Com quase dezoito meses, nenhum dentinho havia chegado, estavam para erupcionar. Era bem por isso que estava tão manhosa. Na semana anterior, assustou a todos com uma febre que foi embora rapidamente, do jeito que chegou. E de lá para cá, não queria mais saber de se alimentar bem. Tomava pouco leite, recusava as papinhas de frutas; nem o pão que tanto amava andava lhe fazendo vontade.
Há dias que estava preocupada com a bebezinha e se não fosse por estar de férias, o coração da mãe teria se apertado mais ainda, longe de sua filha todas as manhãs.
Naquele dia, havia preparado uma sopa de ervilhas, bem nutritiva, com tudo o que é substancioso, mas a filha não quis.

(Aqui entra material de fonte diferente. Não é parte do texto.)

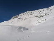 Wir wollten nicht den Gipfelgrat erreichen, die oberen zwei Drittel waren bei diesen Verhältnissen zu heikel.
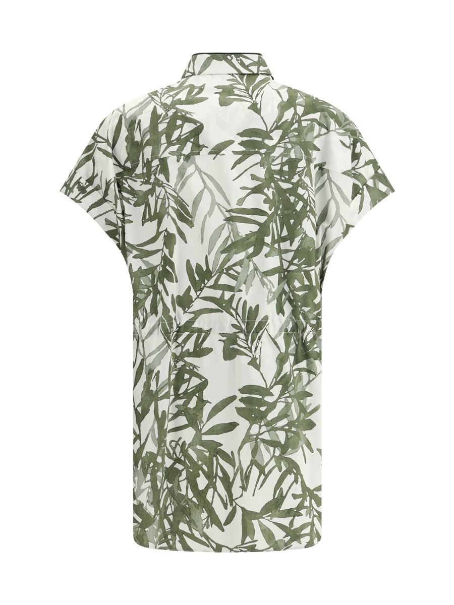 LONG SHIRT FROM BRUNELLO CUCINELLI, FEATURING A CLASSIC COLLAR EMBELLISHED WITH THE BRAND'S ICONIC SHINY JEWELS. THE FRONT CLOSURE WITH HIDDEN BUTTONS GIVES A CLEAN AND ELEGANT LOOK, WHILE THE ELASTICATED WAISTBAND ENSURES A COMFORTABLE AND MODERN FIT. THE TWO PATCH POCKETS ON THE FRONT WITH FLAPS ADD FUNCTIONALITY AND STYLE. THE LEAF PRINT COMPLETES THE DESIGN, MAKING THIS UNIQUE AND SOPHISTICATED GARMENT PERFECT FOR A REFINED AND CONTEMPORARY LOOK.
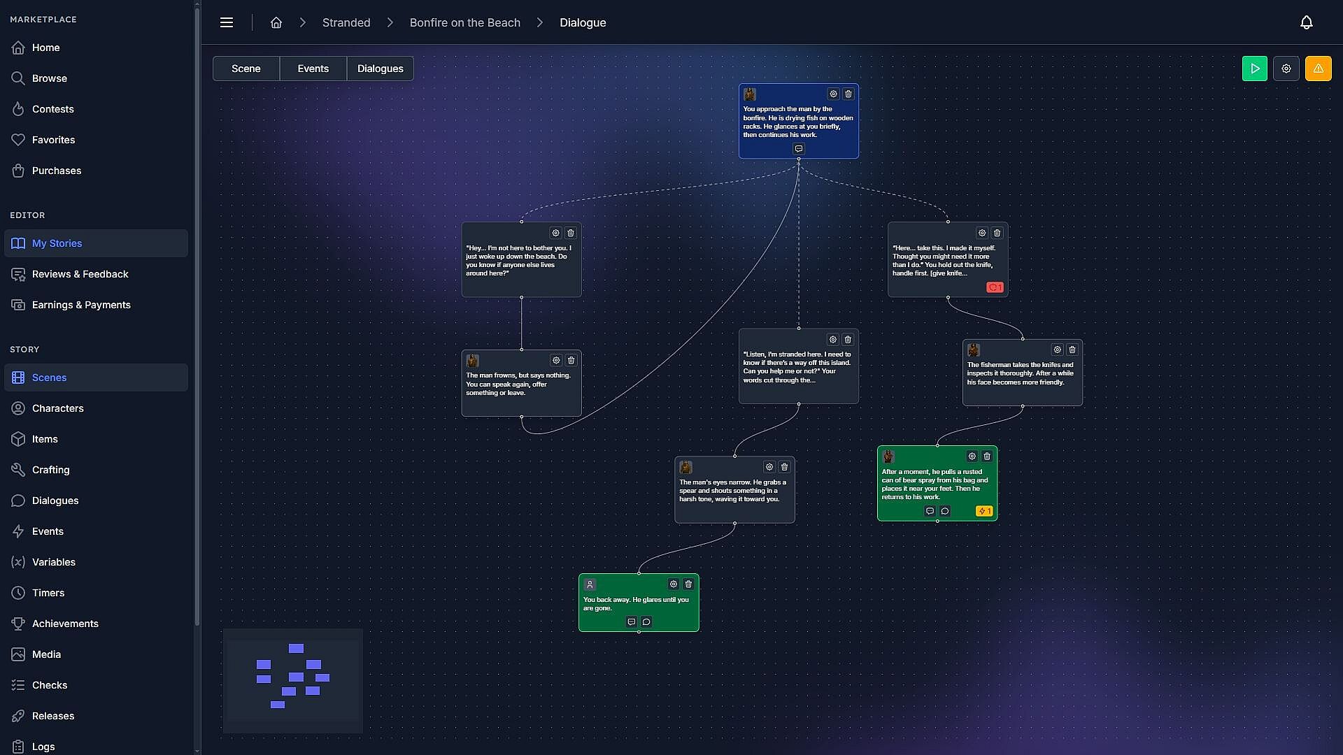 Talescape is a creative platform that lets anyone build and share interactive stories, without writing a single line of code. Write scenes, craft choices, and shape entire worlds through a visual editor designed for writers, not programmers.
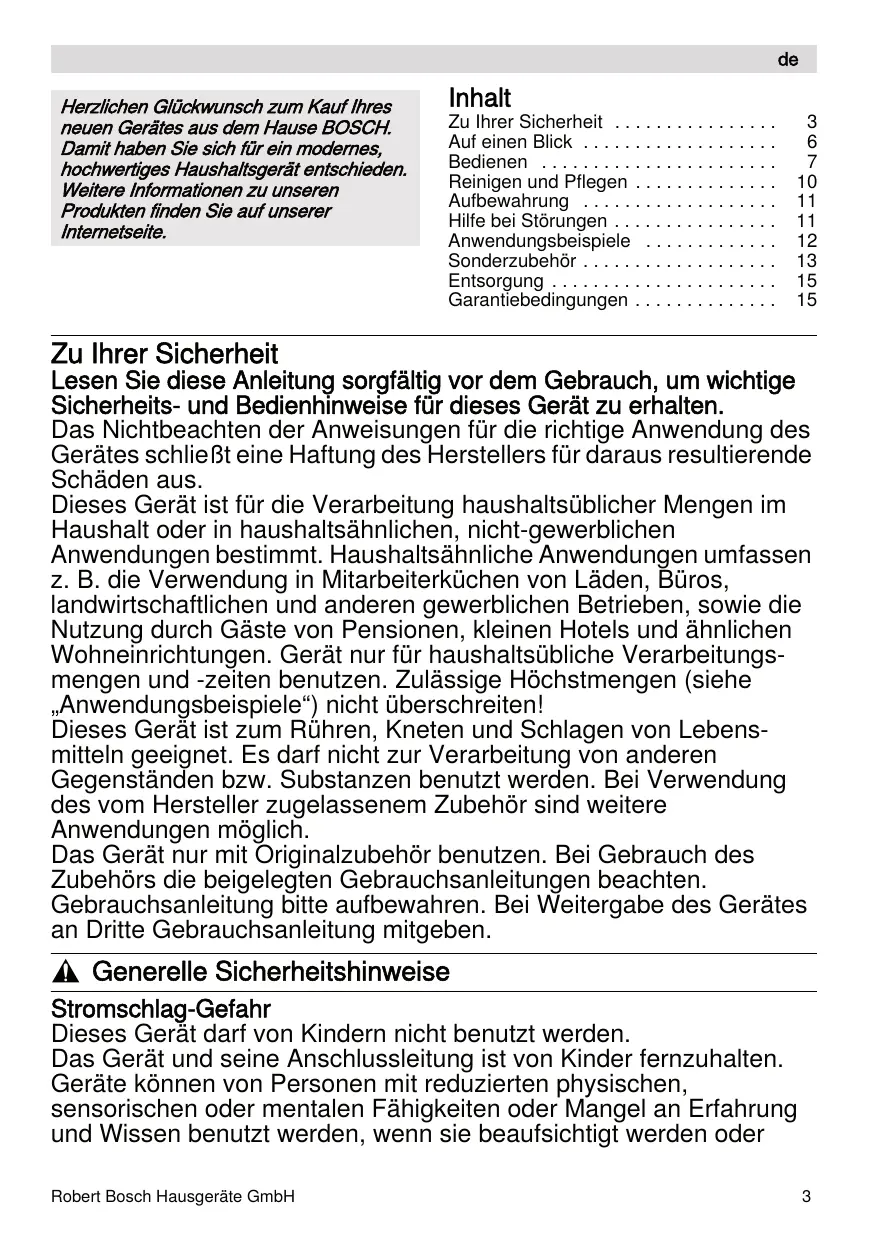 Zu Ihrer Sicherheit Lesen Sie diese Anleitung sorgfältig vor dem Gebrauch, um wichtige Sicherheits- und Bedienhinweise für dieses Gerät zu erhalten. Das Nichtbeachten der Anweisungen für die richtige Anwendung des Gerätes schließt eine Haftung des Herstellers für daraus resultierende Schäden aus. Dieses Gerät ist für die Verarbeitung haushaltsüblicher Mengen im Haushalt oder in haushaltsähnlichen, nicht-gewerblichen Anwendungen bestimmt. Haushaltsähnliche Anwendungen umfassen z. B. die Verwendung in Mitarbeiterküchen von Läden, Büros, landwirtschaftlichen und anderen gewerblichen Betrieben, sowie die Nutzung durch Gäste von Pensionen, kleinen Hotels und ähnlichen Wohneinrichtungen. Gerät nur für haushaltsübliche Verarbeitungsmengen und -zeiten benutzen. Zulässige Höchstmengen (siehe „Anwendungsbeispiele“) nicht überschreiten! Dieses Gerät ist zum Rühren, Kneten und Schlagen von Lebensmitteln geeignet. Es darf nicht zur Verarbeitung von anderen Gegenständen bzw. Substanzen benutzt werden. Bei Verwendung des vom Hersteller zugelassenem Zubehör sind weitere Anwendungen möglich. Das Gerät nur mit Originalzubehör benutzen. Bei Gebrauch des Zubehörs die beigelegten Gebrauchsanleitungen beachten. Gebrauchsanleitung bitte aufbewahren. Bei Weitergabe des Gerätes an Dritte Gebrauchsanleitung mitgeben. , Generelle Sicherheitshinweise Stromschlag-Gefahr Dieses Gerät darf von Kindern nicht benutzt werden. Das Gerät und seine Anschlussleitung ist von Kinder fernzuhalten. Geräte können von Personen mit reduzierten physischen, sensorischen oder mentalen Fähigkeiten oder Mangel an Erfahrung und Wissen benutzt werden, wenn sie beaufsichtigt werden oder Robert Bosch Hausgeräte GmbH
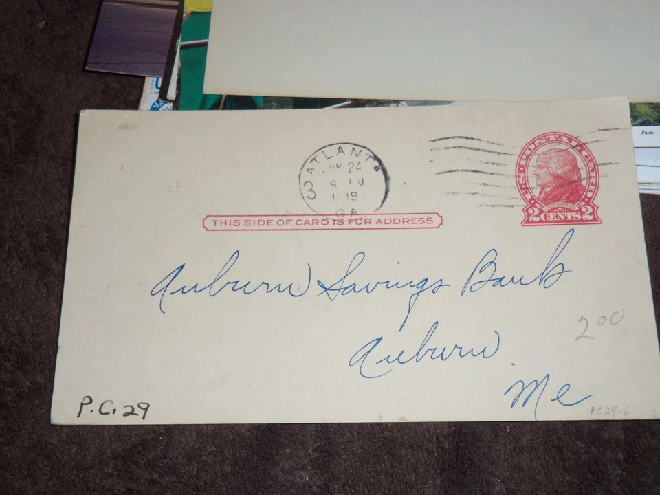 POSTAL CARD LOWRY NATIONAL BANK ATLANTA,GA. TO AUBURN SAVINGS BANK ME.JUN.241919

Estava tão irritada que comeu apenas duas colheres da comida e logo bateu no talher, esparramando tudo pela roupa limpa que logo ficou verde, pelos cabelos e rosto. Havia feito o mesmo com a vitamina de frutas oferecida a ela pela manhã.
Ainda paciente, a mãe guardou cuidadosamente o que sobrou, trocou a roupa, lavou-lhe a face e os cachinhos. Preparou então um leite morno, que sempre tranqüilizava, na esperança da menina se alimentar um pouquinho, mas esta não quis nem bicar a mamadeira. Seus olhinhos cansados queriam dormir.
A mãe pegou-lhe no colo e começou a embalar, cantando uma música antiga e bonita, que sua mãe havia lhe ensinado... A menina chorava. Cantou outra, e outra, e ainda outra. Umas dez canções. Nada acalmava. A pequena apontava para as bonecas. Queria dormir com elas, seis bonecas ao mesmo tempo. Mas não há como uma mãe carregar sua filha e ainda seis bonecas, para fazê-la dormir.
Foi então que perdeu sua paciência costumeira e, apoiada nas dores que as hérnias de disco lhe causavam , falou alto com a bebezinha, em tom sério e nervoso: CHEGA!
Seus olhinhos assustados, na mesma hora encheram-se de lágrimas, e foi assim que a menina mal descansou quando finalmente dormiu, sozinha em seu berço. Ao acordar após o cochilo, a mãe percebeu as olheiras naquele rosto branquinho e delicado que tanto amava.
A certa altura da noite, não conseguia dormir, pensando em como havia sido grosseira com aquela criança indefesa. Estava arrependida. Tinha sido muito infantil. A menina não tinha culpa de nada.
Sentiu-se sozinha, incapaz de cuidar. Sentia falta de que cuidassem dela, de vez enquando, mas não permitia que ninguém soubesse de uma coisa como essa.
Será que a bebê estava tendo pesadelos? Será que estava sonhando com o dia exaustivo que tinha passado?
O coração da mãe se apertou ainda mais quando ouviu uma resmungadinha através da parede que dava para o quarto da filha. E então, com quase trinta anos, chorou feito a filha, de soluçar.
Esperava que um dia, todo o amor de mãe que dedicava a menina, é que ficasse em suas memórias mais remotas e não os erros, que estava sempre cometendo, como aquele daquela tarde.
:o:
Os dias passaram rápido demais e as noites, ao contrário. A febre, que foi causada por uma repentina virose, concomitante ao nascimento dos dentes, não as deixava dormir há dias. A única coisa a fazer era esperar tudo passar, administrando antitérmico quando necessário.
Doía demais ver a filha doente. Antes de se deitar, chegou a perder o ar só de pensar que a menina estava sofrendo. Não entendia como podia caber tanto amor em seu coração.